* _SUPPLIED DATA_:
= = = =

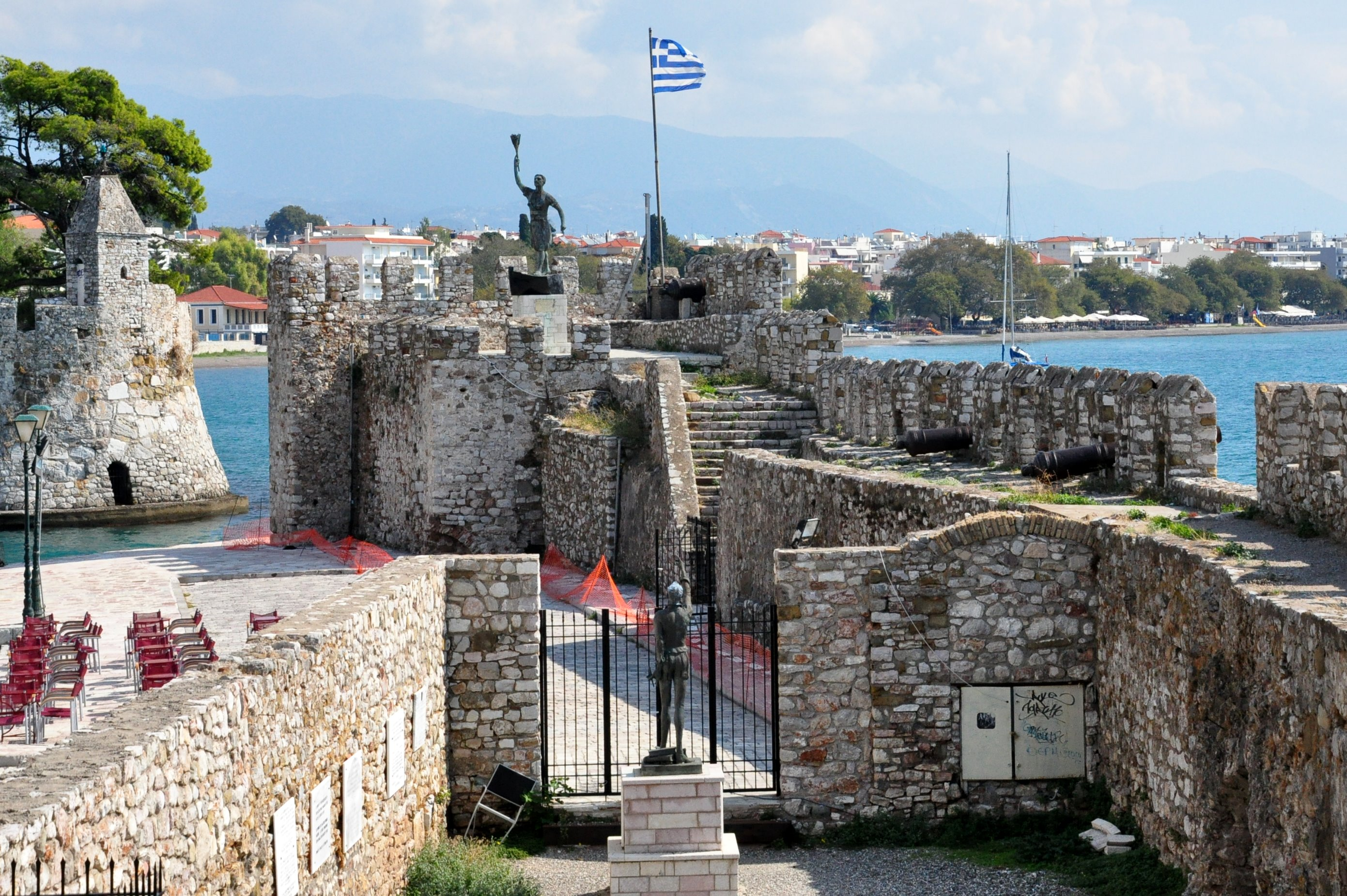 Port of Nafpaktos, fortiffications and statues of Cervantes, and Georgios Anemogiannis (the national hero of 1821 uprising)
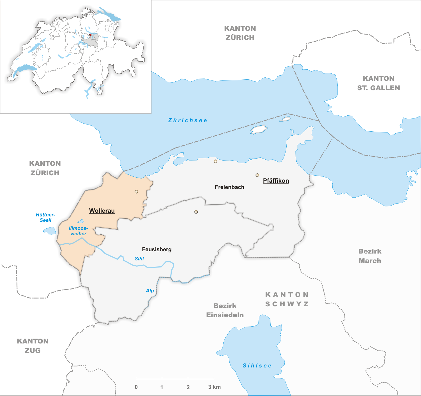 Municipality Wollerau
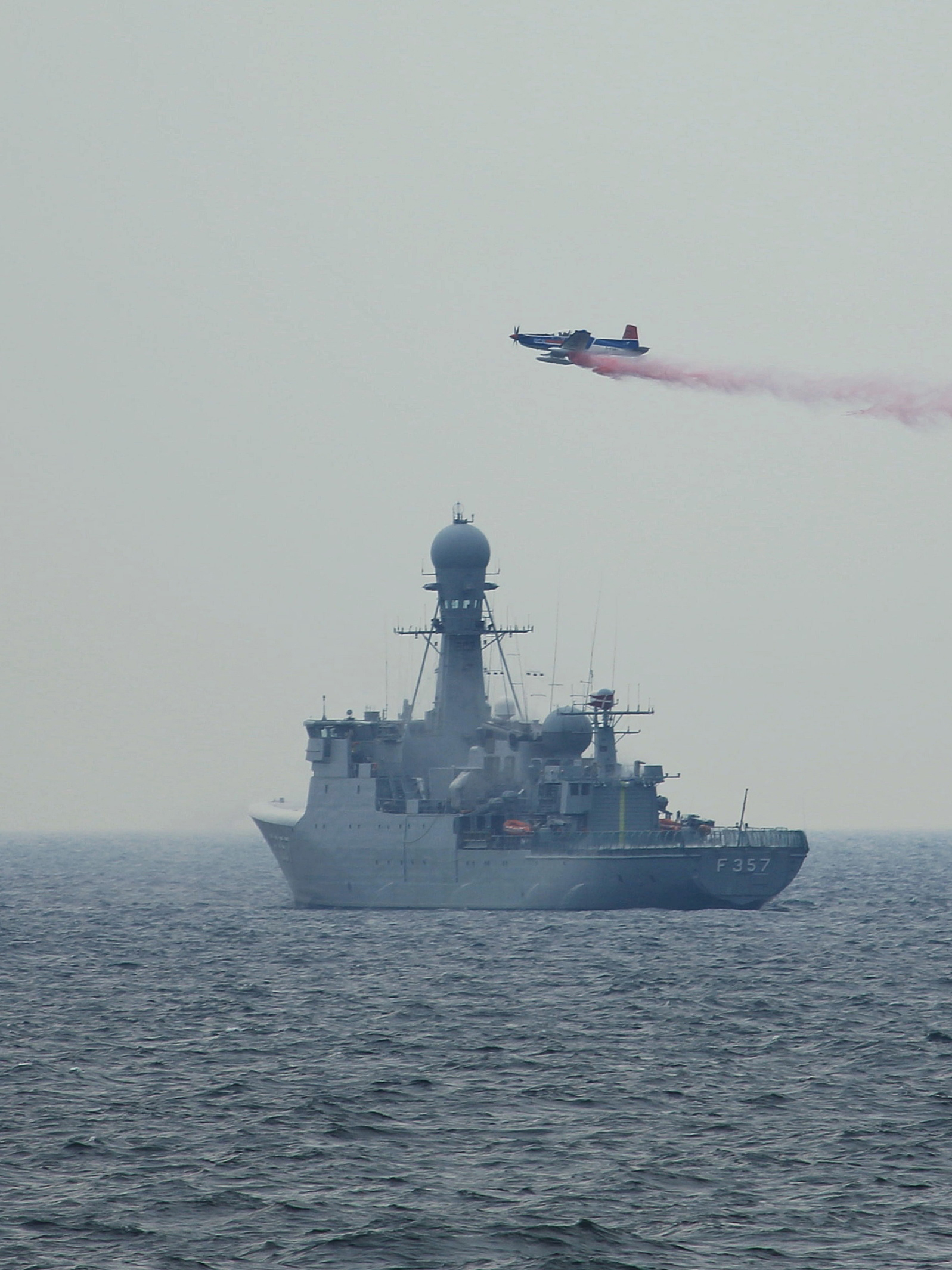 A Pilatus PC-9 aircraft simulates an airborne chemical attack against the Royal Danish Navy ocean patrol vessel HDMS Thetis (F357) in the Baltic Sea June 13, 2013, as part of Baltic Operations (BALTOPS) 2013. BALTOPS is a joint and combined exercise designed to enhance multinational maritime capabilities and interoperability between the U.S. and European nations in the Baltic region.

= = = =

* _WHAT IS NEEDED_: An exact reproduction of the data above is required, with every picture removed.

* _SOLUTION FOR THIS TASK_:
 Port of Nafpaktos, fortiffications and statues of Cervantes, and Georgios Anemogiannis (the national hero of 1821 uprising)
 Municipality Wollerau
 A Pilatus PC-9 aircraft simulates an airborne chemical attack against the Royal Danish Navy ocean patrol vessel HDMS Thetis (F357) in the Baltic Sea June 13, 2013, as part of Baltic Operations (BALTOPS) 2013. BALTOPS is a joint and combined exercise designed to enhance multinational maritime capabilities and interoperability between the U.S. and European nations in the Baltic region.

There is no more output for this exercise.